Princeton University astrophysicist Amitava Bhattacharjee is set to lead an international team as it works to create a framework for an optimal fusion energy device.
The team, which is putting forth the effort to replicate on Earth the fusion reactions that power the sun and stars to produce a virtually limitless supply of electricity, won a Simons Foundation Mathematical and Physical Sciences Award valued at $2 million a year for four years to create the framework for an optimum stellarator that combines the best features of both types of fusion reactors, the university said in a news release.
“I cannot tell you how excited I am,” said Bhattacharjee, an Indian American professor of astrophysical sciences at Princeton who directs the international collaboration. “This project requires fundamental breakthroughs in physics, mathematics and computation.
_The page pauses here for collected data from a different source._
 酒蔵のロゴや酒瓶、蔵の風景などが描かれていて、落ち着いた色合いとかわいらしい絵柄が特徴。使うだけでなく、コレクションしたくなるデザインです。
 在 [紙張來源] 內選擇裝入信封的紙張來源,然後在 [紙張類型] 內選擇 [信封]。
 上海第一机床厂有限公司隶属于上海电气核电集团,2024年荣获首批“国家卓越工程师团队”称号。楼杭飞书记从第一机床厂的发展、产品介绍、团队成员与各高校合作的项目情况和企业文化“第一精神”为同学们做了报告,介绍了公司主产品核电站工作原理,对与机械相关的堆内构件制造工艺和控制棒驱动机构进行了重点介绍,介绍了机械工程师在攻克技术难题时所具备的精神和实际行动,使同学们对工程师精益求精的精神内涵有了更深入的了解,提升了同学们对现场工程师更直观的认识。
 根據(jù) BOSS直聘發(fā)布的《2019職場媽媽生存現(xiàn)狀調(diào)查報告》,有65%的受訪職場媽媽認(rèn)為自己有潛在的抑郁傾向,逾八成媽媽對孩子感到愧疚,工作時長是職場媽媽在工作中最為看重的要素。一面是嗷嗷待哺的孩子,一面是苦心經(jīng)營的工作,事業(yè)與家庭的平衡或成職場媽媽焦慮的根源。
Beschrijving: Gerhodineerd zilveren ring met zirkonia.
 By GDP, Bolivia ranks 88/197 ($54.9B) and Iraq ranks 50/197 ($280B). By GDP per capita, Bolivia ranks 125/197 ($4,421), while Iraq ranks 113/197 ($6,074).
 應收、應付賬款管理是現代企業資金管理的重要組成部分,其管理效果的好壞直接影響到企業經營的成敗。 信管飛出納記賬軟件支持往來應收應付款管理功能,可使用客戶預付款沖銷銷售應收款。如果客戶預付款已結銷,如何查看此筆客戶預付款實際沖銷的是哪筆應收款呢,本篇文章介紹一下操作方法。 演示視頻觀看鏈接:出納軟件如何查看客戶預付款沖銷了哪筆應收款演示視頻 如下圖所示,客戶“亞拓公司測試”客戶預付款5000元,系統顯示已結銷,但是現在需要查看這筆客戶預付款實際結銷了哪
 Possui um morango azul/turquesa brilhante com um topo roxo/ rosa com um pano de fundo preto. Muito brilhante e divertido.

If successful, we will be able to design the world’s best fusion reactor with importance for the entire world.”
The sun and stars produce fusion by crushing together light elements in the form of plasma — the hot, charged state of matter composed of free electrons and atomic nuclei — with powerful gravity, the university said.
Here on Earth, stellarators and tokamaks use magnetic fields in lieu of gravity to confine and control the plasma, and temperatures hotter than the core of the sun to fuse the nuclei to release their energy, it said.
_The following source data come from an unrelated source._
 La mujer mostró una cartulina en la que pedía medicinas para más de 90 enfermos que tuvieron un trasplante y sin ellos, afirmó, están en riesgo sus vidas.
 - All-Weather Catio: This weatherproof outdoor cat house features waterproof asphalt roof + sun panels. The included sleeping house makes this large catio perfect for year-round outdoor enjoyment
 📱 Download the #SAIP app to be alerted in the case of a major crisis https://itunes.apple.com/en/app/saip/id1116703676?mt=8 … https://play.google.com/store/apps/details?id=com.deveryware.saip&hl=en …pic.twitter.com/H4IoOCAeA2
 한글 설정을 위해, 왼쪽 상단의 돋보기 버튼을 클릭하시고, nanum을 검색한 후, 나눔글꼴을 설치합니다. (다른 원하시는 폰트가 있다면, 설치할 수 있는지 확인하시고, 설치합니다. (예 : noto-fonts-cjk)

Stellarators — first proposed in the early 1950s – took a back seat a decade later to tokamaks invented in the former Soviet Union, which proved better able to confine plasma and were easier to design and build, the university said.
But stellarators are now making a comeback, with major ones operating in Germany and Japan thanks to the computational capability of supercomputers and breakthroughs in mathematical techniques and physics understanding, it added.
A key feature of stellarators is their ability to operate without the electrical current that tokamaks must induce in plasma to complete the magnetic field. Such current poses a risk for tokamaks since instabilities in the plasma can cause the release of energy stored in the current, producing disruptions that can halt fusion reactions and damage tokamak components, the news release said.
An optimum stellarator would therefore combine the tokamak’s superior ability to confine the plasma with the stellarator’s ability to operate in a steady state without plasma current, it said.
The twisty magnetic fields of an optimum stellarator would have “hidden symmetries” that confine plasma in a manner comparable to the smooth, round — or “axisymmetric” — fields that tokamaks produce, it added.
This enormously complex project, titled “Hidden Symmetries and Fusion Energy,” will require many breakthroughs, the report said.
The diverse group, assembled from eight U.S. universities and four international institutions, will create a code called SIMSOPT — for SIMonS OPTimization code — to produce the framework for an optimum stellarator design, the university added.
Collaborators are from Princeton, Columbia, Cornell and New York University, and from the University of Colorado-Boulder, the University of Maryland, and the University of Texas at Austin. International participants represent the Australian National University, the University of Warwick, the Swiss École Polytechnique Fédérale de Lausanne and the Max Planck Institute for Plasma Physics in Germany.
“Our team reflects a breadth of enterprise with mathematicians and computational experts who don’t necessarily have a lot to do with plasma physics,” Bhattacharjee said in the report. “But these are experts who can provide breakthroughs and we are grateful to the Simons Foundation for this great opportunity.”